Nun zu meinen Fragen:
- Ich nehme an, das ich den Nachweis der Sportfischerprüfung mitbringen muss (oder geht es auch ohne, wegen dem Hinweis im Fischereischein?).  - Gibt es eine zentrale Verwaltungsstelle wo man den nachträglich nochmals bekommen kann, oder ist das 25 Jahre später nicht mehr möglich??  ... aber bei Verlust müsste man doch irgendwo nachfragen können?...

Wie erwähnt, alles bezieht sich auf Niedersachsen...

Vielen Dank im voraus für Eure Hilfe... Ich möchte schliesslich schnell wieder ans Wasser   Da ich viel auf Geschäftsreisen bin wäre eine erneute Prüfung für mich sehr viel Aufwand...

Mit lieben Grüßen

Jörg Brandt


----------



## saver432 (17. April 2006)

*AW: Nachweis der Sportfischerprüfung verloren*

mann kann sich vom nachweis der sportfischerprüfung eine zweitschrift austellen lassen!  und zwar dort wo du die prüfung abgelegt hast!!!


----------



## C.K. (17. April 2006)

*AW: Nachweis der Sportfischerprüfung verloren*

Gegen eine Bearbeitungsgebühr stellt Dir die untere Fischereibehörde ein neues Prüfungszeugniss aus. Das geht relativ schnell und unbürokratisch.


----------



## Ullov Löns (17. April 2006)

*AW: Nachweis der Sportfischerprüfung verloren*

Der Hinweis in deinem Fischereischein müsste reichen. Der nds. Fischereischein ist ja ein behördlich ausgestelltes Dokument. Mir ist das auch passiert, nach irgendeinem Umzug war der Schein weg. Ich habe dann den Vorsitzenden meines ehemaligen Vereins angerufen und ihm in etwa das Jahr mitgeteilt in dem ich die Prüfung gemacht habe. Zwei Wochen später hatte ich dann die Zweitschrift.

Uli


----------



## esox_105 (17. April 2006)

*AW: Nachweis der Sportfischerprüfung verloren*

Da der amtliche Fischereischein ja vorhanden ist, sollte es eigentlich keine Probleme geben. Des weiteren hast Du ja auch noch deinen Sportfischerpass, worin sich ebenfalls der Vermerk über die abgelegte Sportfischerprüfung befindet.
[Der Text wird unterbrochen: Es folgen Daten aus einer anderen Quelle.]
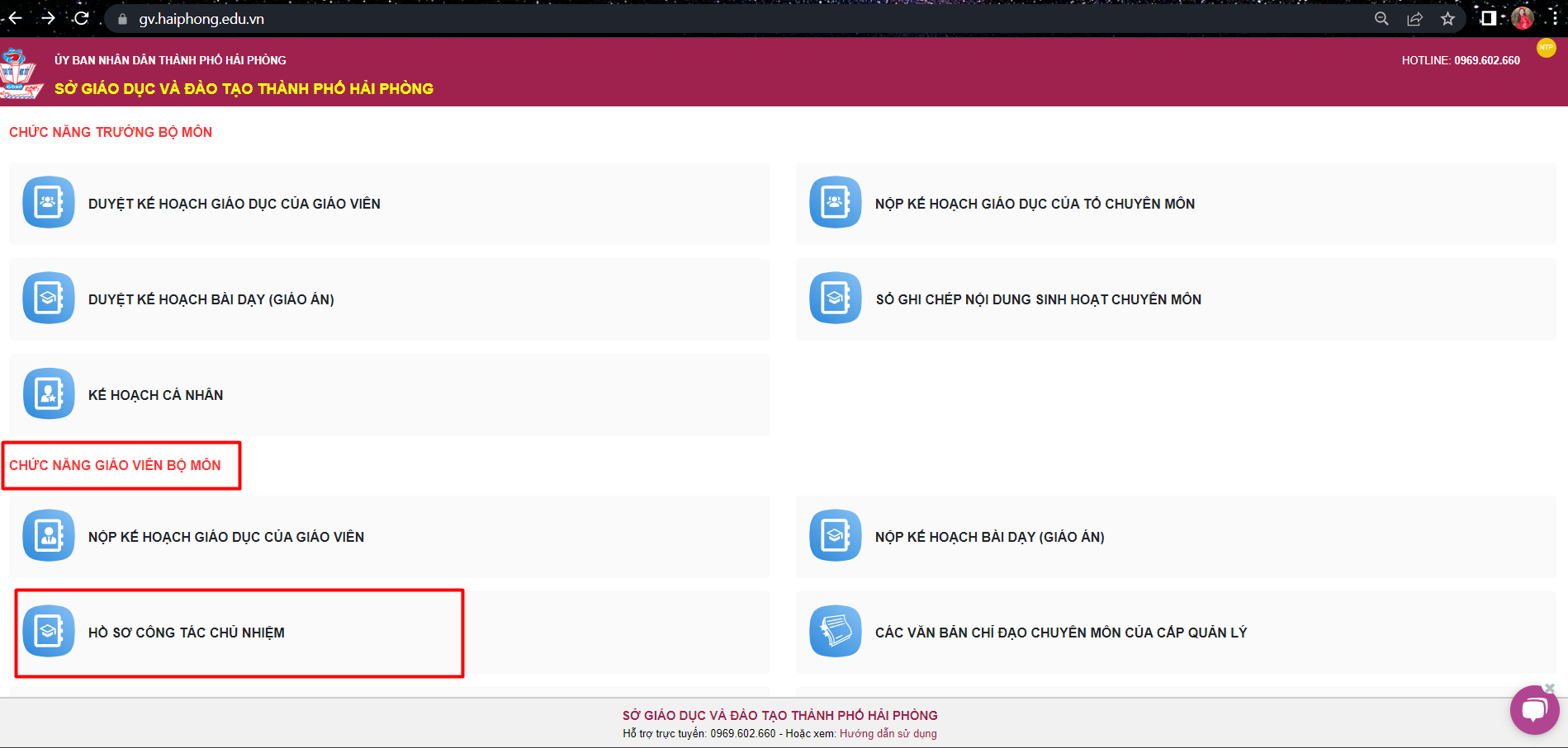 -Tại mục “Chức năng giáo viên bộ môn” chọn ” Hồ sơ công tác chủ nhiệm“
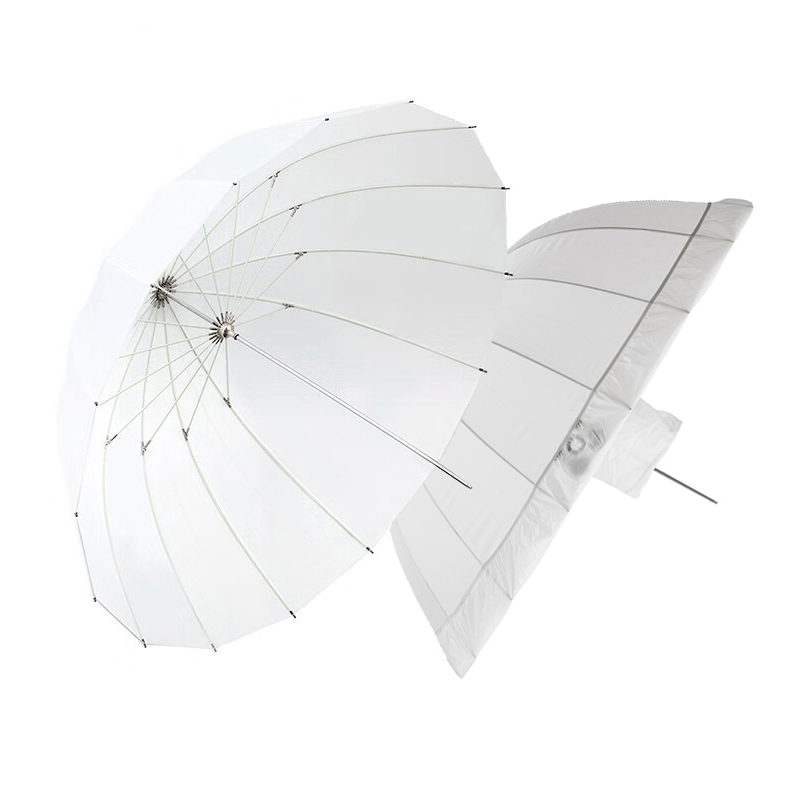 مظلة شفافة عميقة مع دفيوزر من شركة نايس فوتو بمقاس 130 سم . المظلة العميقة تعطي تركيزا أكثرا للضوء وأكثر نعومة . 16 عمود فايبر لمرونة أكثر ومتانة وإنحناء متقن ومشدود . خامة عالية وجودة في التصنيع . تأتي مع حقيبة للحفظ والتنقل .
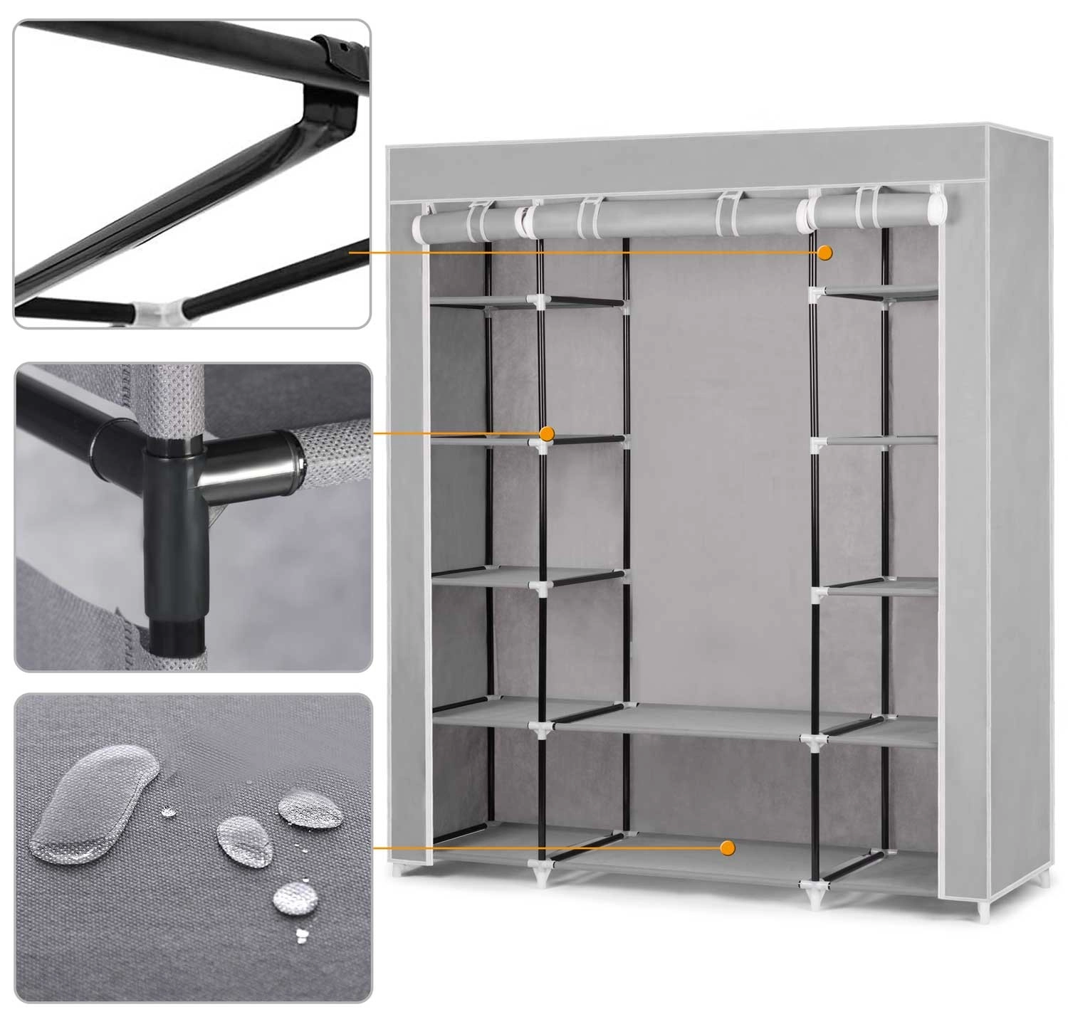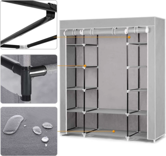 Dulapul textil Massido – gri este soluția ideală pentru dormitoare, dressinguri, holuri și camere de studenți. Cadrul din oțel rezistent, cu conectori PP solizi, și husa impermeabilă asigură o durată lungă de viață chiar și la utilizare zilnică. Datorită organizării bine gândite a rafturilor și barei pentru umerașe, vei depozita cu ușurință haine, accesorii și încălțăminte.
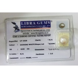 REPORT NO . LP 1026CLARITY . N/ACOLOUR . SHINING WHITESHAPE / CUT . ROUNDWT . 5.21 CTSDIMENSION . 9-8.9-8.6-9.R . INDEX . N/AHARDNESS . 3.0COMMENT . PEARL..
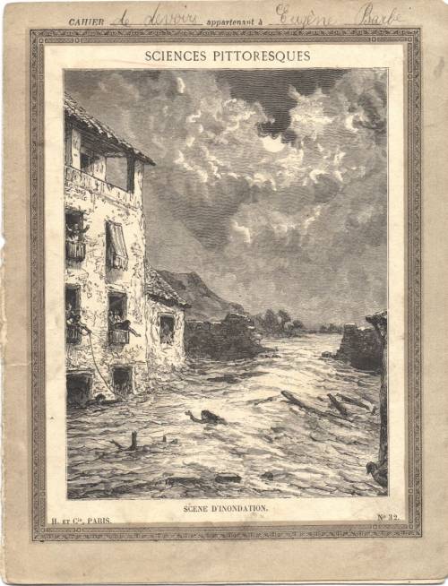 Couverture n° 32 : Inondation. Chromolithographie sur papier épais. Bichromie… cahier de devoir d’Eugène Barbe. Au dos, texte explicatif anonyme.
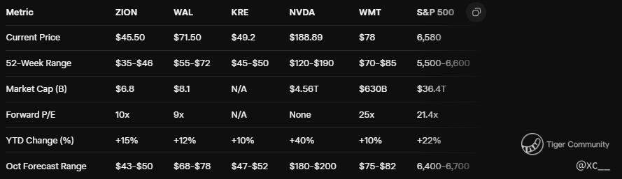 Zions at $45.50 and Western Alliance at $71.50 rebound after a 13% and 11% plunge on loan fraud disclosures, with the S&P 500 at 6,580 and Nasdaq at 22,000 showing caution. A 9.9% ZION rise to $50 and 9.1% WAL to $78 is possible by October-end, with a 10-15% drop to $40-$38.8 (ZION) and $64-$60.8 (WAL) if credit fears spread. The scare’s a blip—position for rebound!
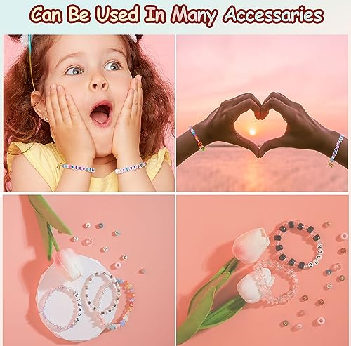 Perline e accessori: il set contiene 200 lettere bianche e nere, 200 lettere bianche colorate, 200 lettere colorate, 200 lettere colorate, 200 lettere colorate trasparenti, 200 lettere dorate, 200 lettere dorate, 200 lettere di cioccolato, 50 numeri, 50 cuori, 30 fibbie in metallo, 30 pezzi 0 passanti dorati E, 20 perline distanziatrici, 20 perline a stella, 10 chiusure a moschettone, 1 rotolo di cordini elastici da 0,8 mm di diametro, con mini forbici
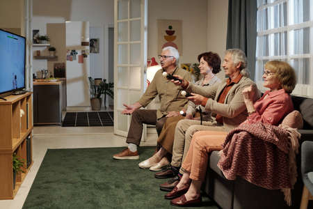 Group of happy grandparents in casualwear having talk about their interests while relaxing on soft comfortable couch in living room
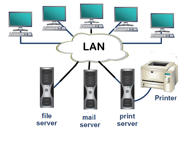 All the clients are connected to a hub (what connects multiple computers or other network devices together).
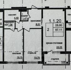 жилая площадь 28,8 м² (комнаты: 15,10м² + 13,7м²)
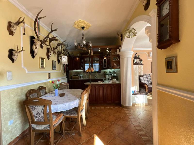 Érd központjában kínáljuk eladásra ezt a nagy és igényes családi házat, amely egy 1906 m2-es telken épült.A telek maga máris sok lehetőséget kínál arra, hogy befektetők, fejlesztők elgondolkodjanak arról, hogy megvásárolják, hiszen a terület nagysága további lehetőségeket rejt, akár több ingatlan építhető rá.A kétszintes ház 2008-ban épült, kiváló elosztású és valójában lehetőséget kínál további ingatlanok építésére is a HÉSZ-szerint.A terület besorolása Lk-4, 1500 m2 telekterületig legfeljebb 4 db lakóegység, 1500 m2 telekterület felett a teleknagyság 150-el történő osztásából a felfelé kerekítés szabályai szerint lehet beépíteni, így tehát ez egy kiváló lehetőség most befektetők számára.A házban 5 szoba, 2 nappalik, étkező+konyha, fürdőszoba, wc-k, és nagy terasz található. Épült még tovább hozzá garázs, tároló, de a kertben egy kemence, és nyári konyha is található, így akár nagycsaláddal bírók is kiváló partikat tarthatnak a kertben. Egyszóval, akár két generáció is elfér itt, ezért gondolja meg, és biztosan nem fogja megbánni. A konyha egyedi fa, teljesen gépesített, indukciós főzőlappal ellátott, energiatakarékos mosogatógéppel felszerelt, mely ez évben lett beszerelve.Fűtése padlófűtéses, kandallóval biztosított, valamint egy inverteres kazánnal fűthető, továbbá hűtő-fűtő klíma is adott. Egyszóval ez egy energiatakarékos ház.Elmondhatjuk, hogy minden kényelmi szempontot megtalál ebben a házban, ha elnyerte tetszését.A telek rendezett, gyümölcsfákkal beültetett, szép és rendezett.A környék jó közlekedésű, vasút, autóbusz, orvos, városközpont 5 percre, de ha a Déli pályaudvarra szeretne bejutni, 20 perc alatt beér.Nos?Úgy gondolom, hogy minden igényt kielégítő ez a nagy családi ház és a hozzá tartozó nagy telek.Érdemes elgondolkodni rajta, hiszen befektetés céljából Önnek csak nyereséget hoz.Kérem, gondolja át, és ha elnyerte tetszését egyeztessünk, és a megbeszélt időpontban mutatom is!Várom hívását! |
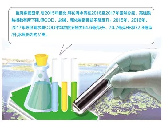 呼伦湖地处呼伦贝尔大草原腹地,素有“草原明珠”之称。为了治理呼伦湖日益严重的污染问题,当地投资13.15亿元上马了呼伦湖生态环境治理一期工程,然而效果却让人大跌眼镜。近日,据《法制日报》报道,呼伦湖治理后总氮、高锰酸盐指数有所下降,但化学需氧量(COD)、总磷、氟化物指标却不降反升,水质仍为最差的劣五类,不适宜饮用。
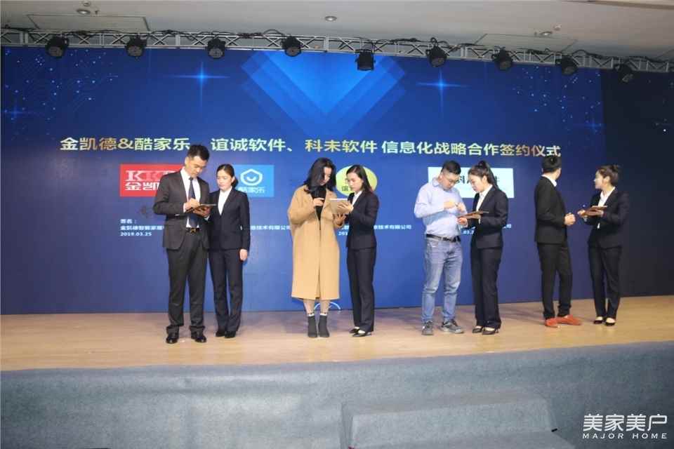 現在是個競爭激烈的時代,打仗一定要有好武器。在此次品牌營銷峰會上,金凱德與酷家樂、誼誠、科未三家簽署戰略合作協議。加大信息化的投入,也標志著金凱德正在步入信息化4.0時代。隨后,三家公司的代表,分別介紹了各自產品的用途。

Nimm einfach mal Kontakt mit dem Vorstand des zukünftigen Vereines auf, und erkläre dort deinen Sachverhalt, denn von dort solltest Du eine genaue Antwort auf Deine Fragen bekommen können.


----------



## perchcatcher (17. April 2006)

*AW: Nachweis der Sportfischerprüfung verloren*

Ich bin momentan im Fischereiverien Schaumburg-Lippe, ich kann ja mal nachfragen.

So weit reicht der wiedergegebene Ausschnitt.